Chimney Sweeping For All

The chimney and fireplace is an important staple of a home, providing warmth as well as a unique ambiance that people have enjoyed for centuries. While we have developed them to become incredibly sturdy, chimneys still require (and will benefit from) regular cleanings by trusted professionals. Being able to tell if you need a chimney sweeping can be an arduous task, and with all the detailed minutiae of how a chimney works, it is always a good idea to schedule a cleaning and inspection by someone who knows the ins and out and will do the job right the first time.
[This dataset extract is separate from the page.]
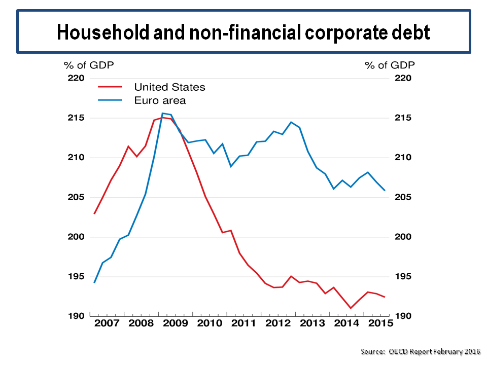 The OECD interim economic outlook by Catherine Mann on 18th February recommended “maintaining accommodative monetary policy, supportive fiscal policies on investment led spending and more ambition on structural policies which raise global growth and reduce financial risks”. Ah, yes the old structural reform answer to all of our ills. The OECD gave some graphic reminders of where we are, as below.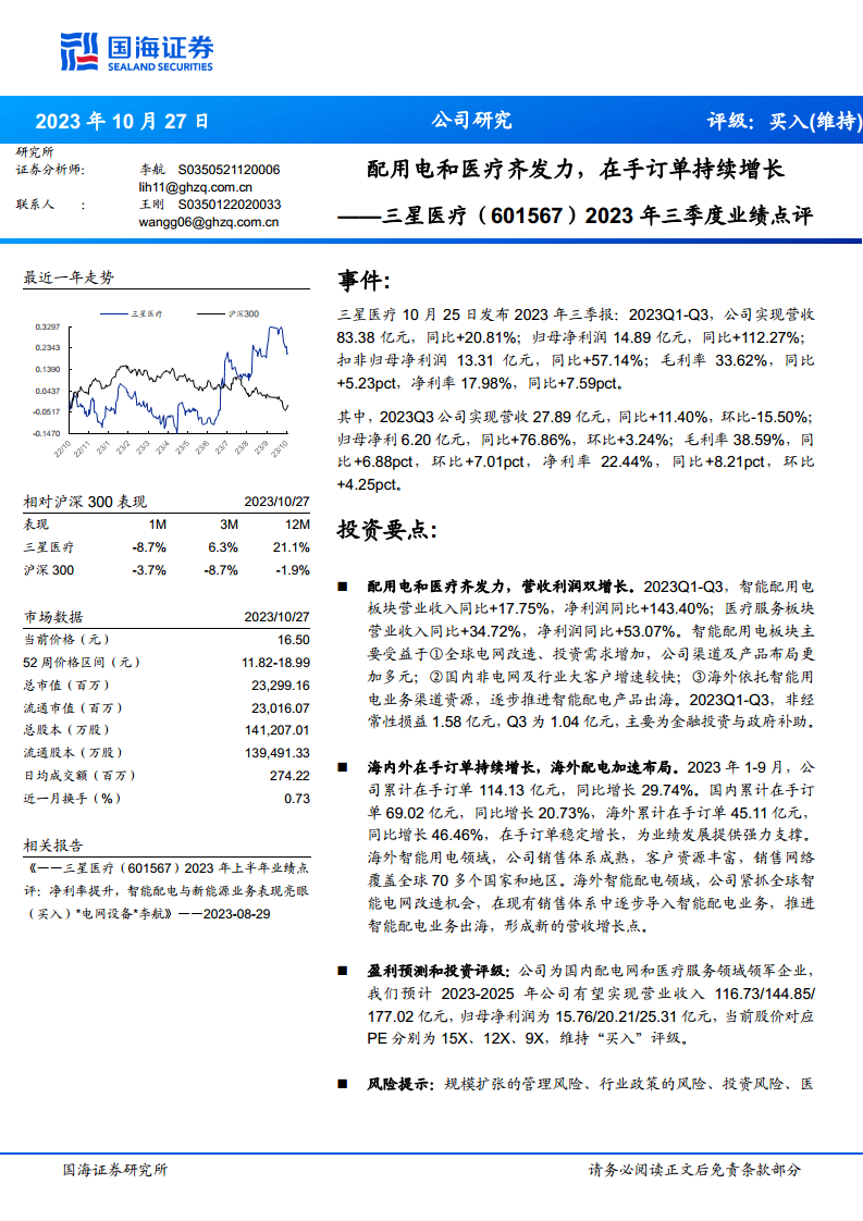 2023年三季度业绩点评:配用电和医疗齐发力,在手订单持续增长

EZ Chimney has a long history of providing exceptional care and service to customer’s chimneys; our technicians are not only highly qualified but experienced in cleaning a wide assortment of chimneys and fireplaces. With that skill and experience, they are experts at cleaning a chimney efficiently with no mess, along with ensuring everything is in working order. In addition, they follow all COVID-19 health guidelines as well as safety protocols for the work they perform. Since chimneys are an integral part of every home, we make sure that you can rest easy knowing your chimney has been inspected and cleaned to the highest standards.